Used in the treatment of high cholesterol levels:

  • 9230T, 9231W, 9232X, 9233Y ATORVASTATIN CALCUIM (Lipitor®);
  • 9234B, 9235C, 9236D FLUVASTATIN SODIUM (Lescol®, Lescol XL®, Vastin®);
  • 9237E, 9238F, 9239G, 9240H PRAVASTATIN SODIUM (Chem mart® Pravastatin, Cholstat®, GenRx® Pravastatin, Lipostat®, Liprachol®, Pravastatin, Pravastatin generichealth®, Pravastatin Pharmacor®, Pravastatin-DP®, Pravastatin-GA®, Pravastatin Winthrop®, Terry White Chemists® Pravastatin, Pravachol®, Vastoran®);
  • 9241J, 9242K, 9243L, 9244M, 9245N SIMVASTATIN (Chem mart® Simvastatin, GenRx® Simvastatin, Lipex®, Ransim®,
    Simvabell®, Simvahexal®, Simvar®, Simvastatin-DP®, Simvastatin generichealth®, Simvastatin Winthrop®, Simvasyn®, Terry White Chemists® Simvastatin, Zimstat®, GN® brand, Zocor® );
  • 9246P, 9247Q FENOFIBRATE (Lipidil®);
  • 9248R GEMFIBROZIL (Ausgem®, Chem mart® Gemfibrozil, Gemhexal®, GenRx® Gemfibrozil, Jezil®, Lipazil® 600 mg, Pharmacor® Gemfibrozil 600, Terry White Chemists® Gemfibrozil, Lopid®);
  • 9249T CHOLESTYRAMINE (Questran Lite®); and

Used in the treatment of severe dry eyes including Sjogren’s syndrome:

  • 9356K CARMELLOSE SODIUM with GLYCERIN (Optive®).
1 November 2008:

Used in the treatment of severe dry eyes including Sjogren’s syndrome:

  • 9210R CARBOMER 980 (GelTears®, PAA®, Viscotears Liquid Gel®);
  • 9211T, 9212W CARMELLOSE SODIUM (Refresh Tears Plus®, Refresh Liquigel®);
  • 9213X, 9214Y HYPROMELLOSE (In a Wink Moisturising®, Genteal®, Methopt®);
  • 9215B HYPROMELLOSE with CARBOMER 980 (Genteal gel®, HPMC PAA®);
  • 9216C HYPROMELLOSE with DEXTRAN (Poly-Tears®, Tears Naturale®);
  • 9220G, 9221H, 9222J, 9223K POLYVINYL ALCOHOL (PVA Tears®, Liquifilm Tears®, Vistil®, PVA Forte®, Liquifilm Forte®, Vistil Forte®); and
  • 9217D, 9218E PARAFFIN (Poly Visc®, Duratears®, Ircal®, Lacri-Lube®).

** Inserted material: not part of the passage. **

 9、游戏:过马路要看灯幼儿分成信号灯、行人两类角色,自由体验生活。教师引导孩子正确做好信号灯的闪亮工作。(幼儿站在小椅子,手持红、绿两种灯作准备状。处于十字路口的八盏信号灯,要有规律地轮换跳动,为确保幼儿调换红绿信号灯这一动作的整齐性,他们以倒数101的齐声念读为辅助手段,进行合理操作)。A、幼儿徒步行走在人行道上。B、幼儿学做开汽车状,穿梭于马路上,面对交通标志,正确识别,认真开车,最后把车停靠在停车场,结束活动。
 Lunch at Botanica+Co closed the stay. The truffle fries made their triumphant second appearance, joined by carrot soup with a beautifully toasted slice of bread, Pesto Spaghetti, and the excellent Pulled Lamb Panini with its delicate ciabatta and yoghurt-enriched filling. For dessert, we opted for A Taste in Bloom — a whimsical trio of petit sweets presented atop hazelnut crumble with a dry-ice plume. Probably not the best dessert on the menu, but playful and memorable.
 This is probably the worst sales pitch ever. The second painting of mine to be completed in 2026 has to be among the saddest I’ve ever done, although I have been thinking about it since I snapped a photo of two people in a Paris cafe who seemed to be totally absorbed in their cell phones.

Used in the treatment of ulcerative colitis:

  • 9208P, 9209Q SULFASALAZINE (Salazopyrin®, Pyralin EN®, Salazopyrin-EN®).

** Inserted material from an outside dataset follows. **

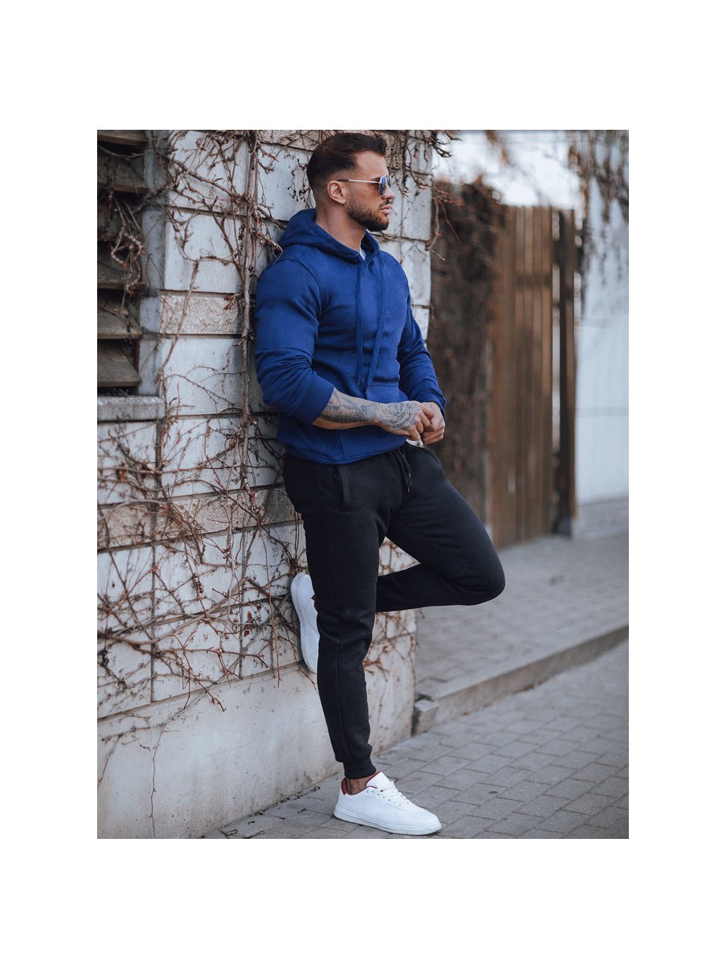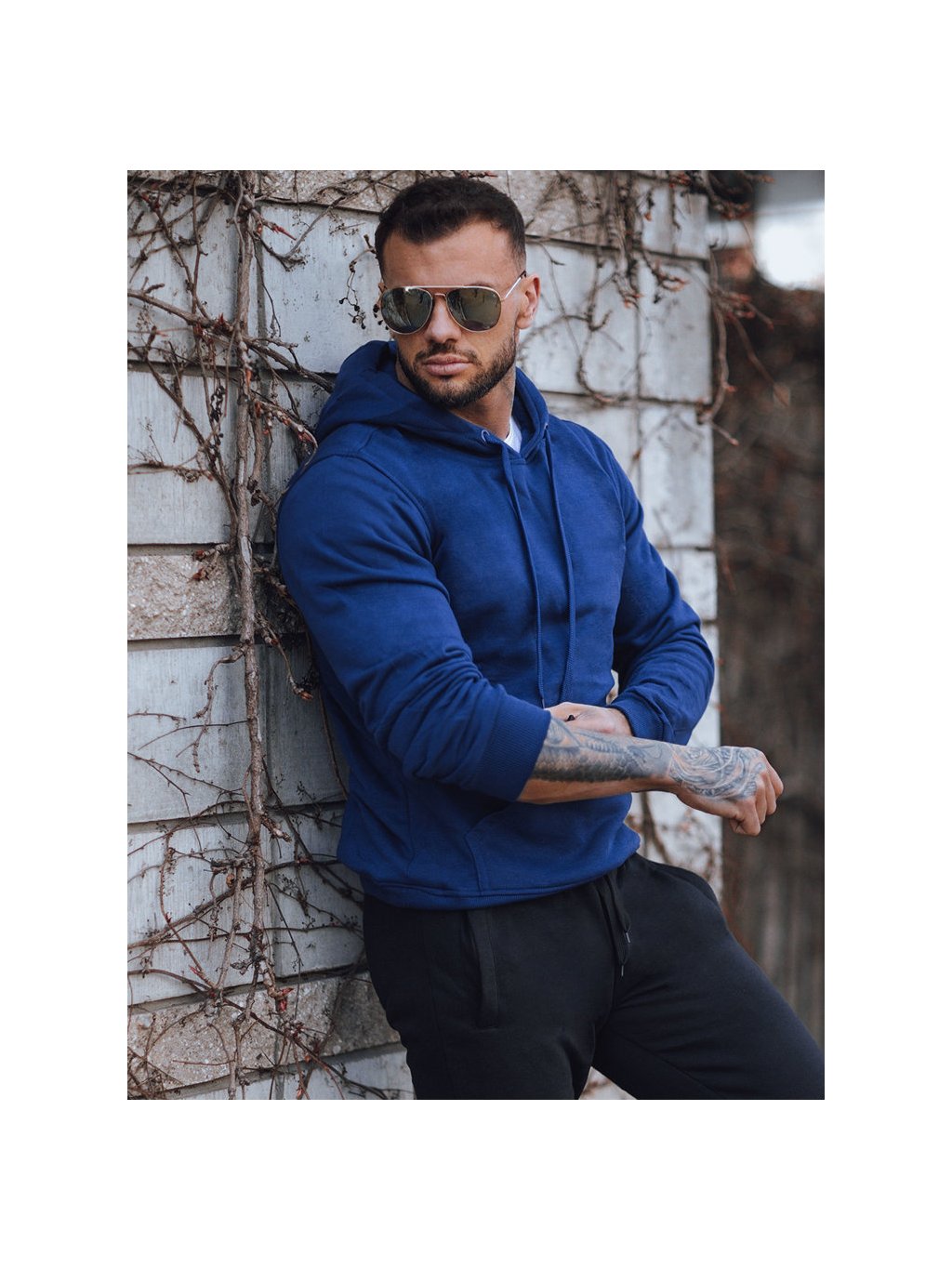 Sötétkék férfi kapucnis pulóver

How did the Government decide which medicines would be included?

A set of criteria was developed to determine which medicines would be included in the measure.  The Pharmaceutical Benefits Advisory Committee (PBAC) was asked to consider the criteria and the list of medicines eligible for increased repeat prescriptions. 

The PBAC is an independent committee comprising a range of expertise including health professionals, health economists and a consumer advocate.

In July 2008, the PBAC endorsed the criteria and subsequently approved the list of medicines which will be available for up to 12 months supply.

Is there possibility of new additions to these arrangements?

The Department of Health and Ageing will undertake a review of the revised listings once the initiative has been implemented for 12 months.  It is envisaged that no new medicines will be added to the measure until the review is completed.